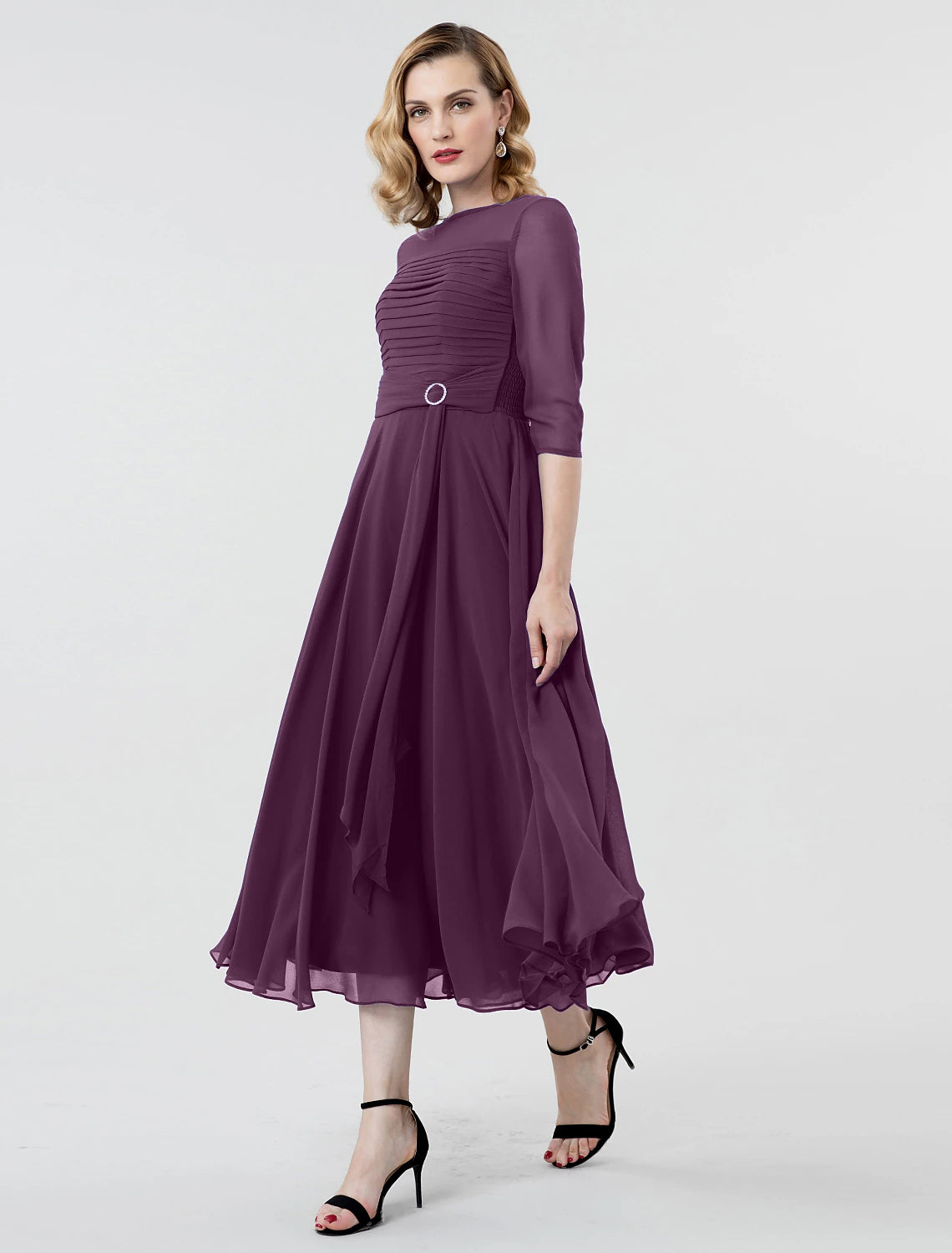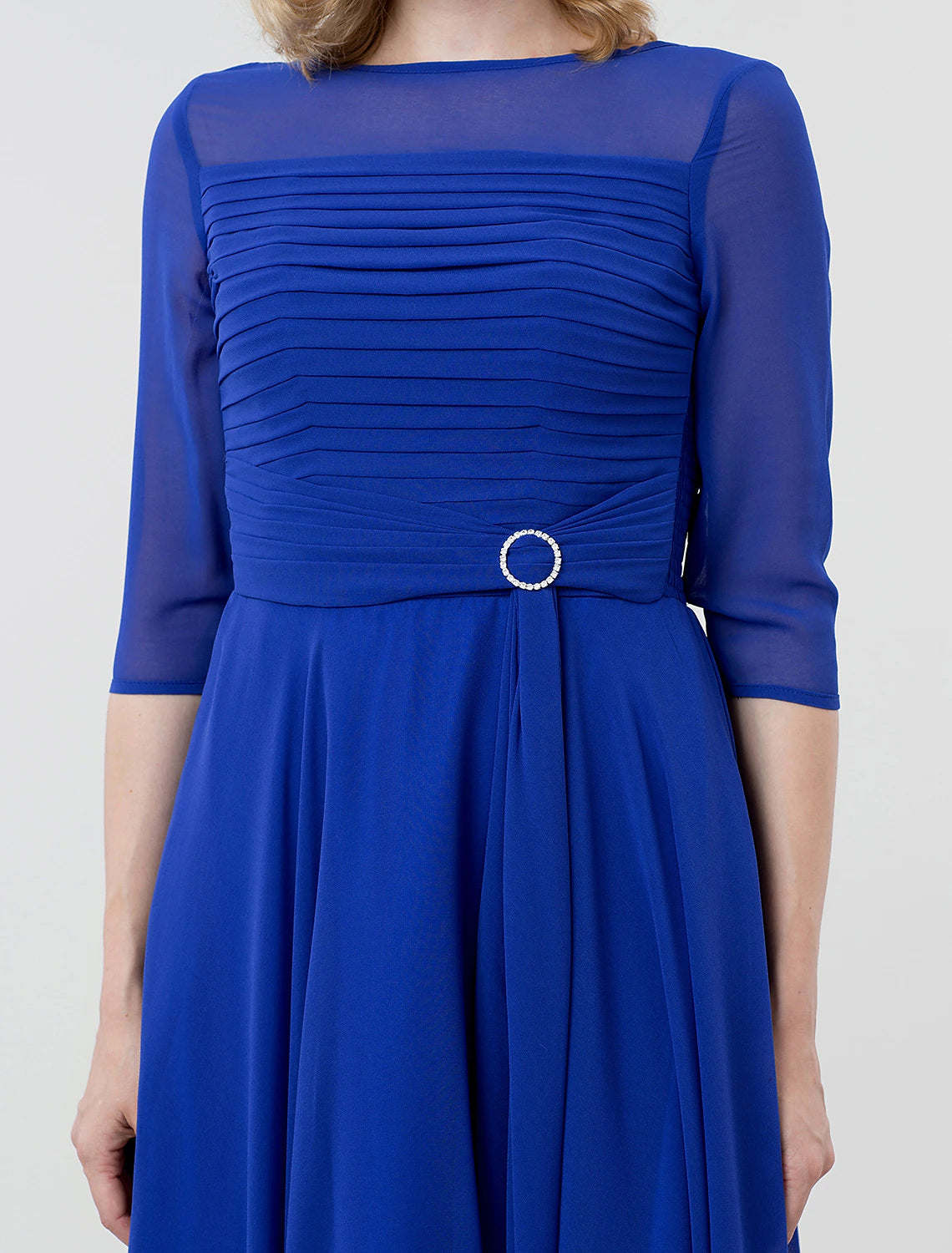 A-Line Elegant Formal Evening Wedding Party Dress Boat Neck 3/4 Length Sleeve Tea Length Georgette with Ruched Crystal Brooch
* * *
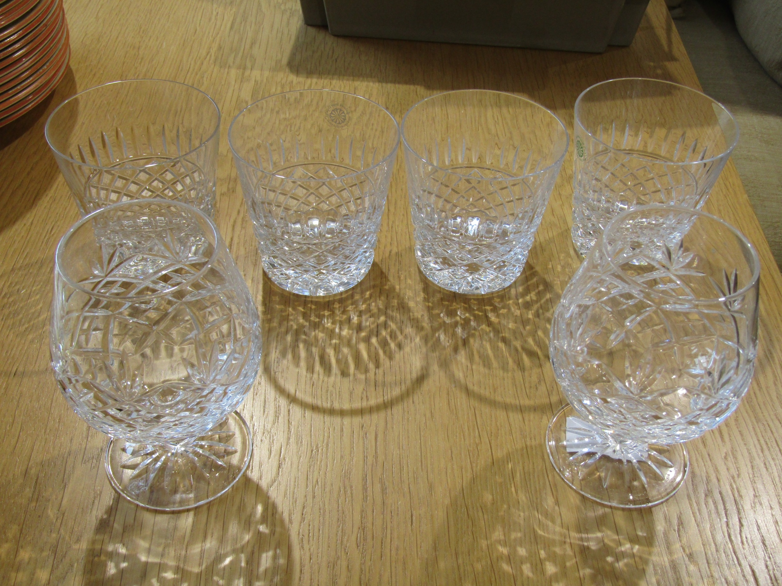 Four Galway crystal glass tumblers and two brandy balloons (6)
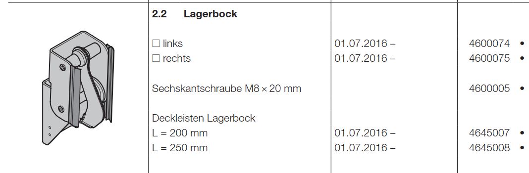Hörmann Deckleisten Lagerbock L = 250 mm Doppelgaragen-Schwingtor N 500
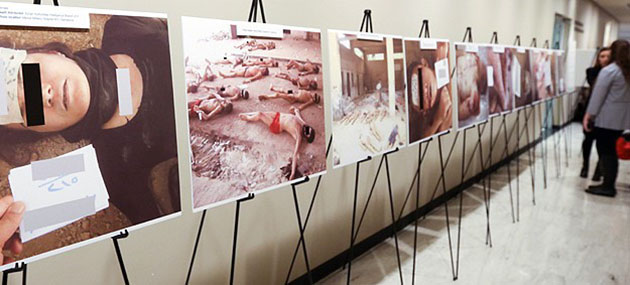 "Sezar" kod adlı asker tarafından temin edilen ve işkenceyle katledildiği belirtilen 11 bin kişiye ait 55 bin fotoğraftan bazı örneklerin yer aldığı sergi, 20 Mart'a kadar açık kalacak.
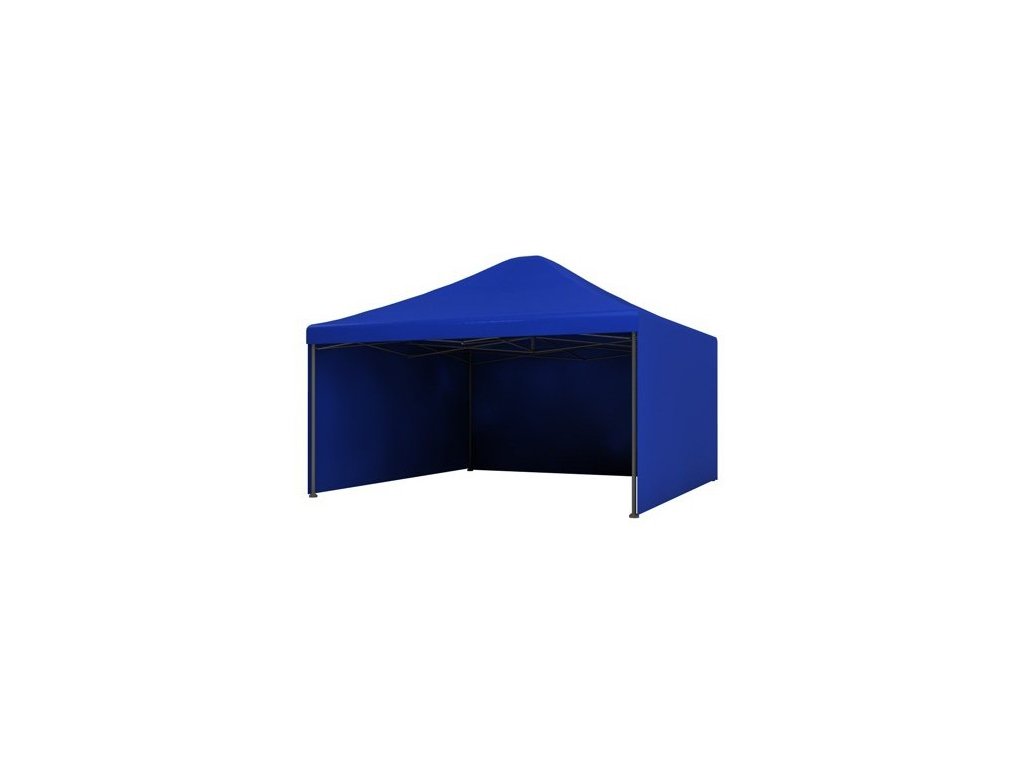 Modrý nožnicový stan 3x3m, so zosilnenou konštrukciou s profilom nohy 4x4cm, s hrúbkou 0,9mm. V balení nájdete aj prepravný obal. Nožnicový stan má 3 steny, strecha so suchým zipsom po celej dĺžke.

#### THE TASK:
The stretch to restate runs from the line above containing "Hörmann Deckleisten Lagerbock" through the line containing "Modrý nožnicový stan". Copy it word for word, ends included, without pictures.

#### EXERCISE SOLUTION:
Hörmann Deckleisten Lagerbock L = 250 mm Doppelgaragen-Schwingtor N 500
 "Sezar" kod adlı asker tarafından temin edilen ve işkenceyle katledildiği belirtilen 11 bin kişiye ait 55 bin fotoğraftan bazı örneklerin yer aldığı sergi, 20 Mart'a kadar açık kalacak.
 Modrý nožnicový stan 3x3m, so zosilnenou konštrukciou s profilom nohy 4x4cm, s hrúbkou 0,9mm. V balení nájdete aj prepravný obal. Nožnicový stan má 3 steny, strecha so suchým zipsom po celej dĺžke.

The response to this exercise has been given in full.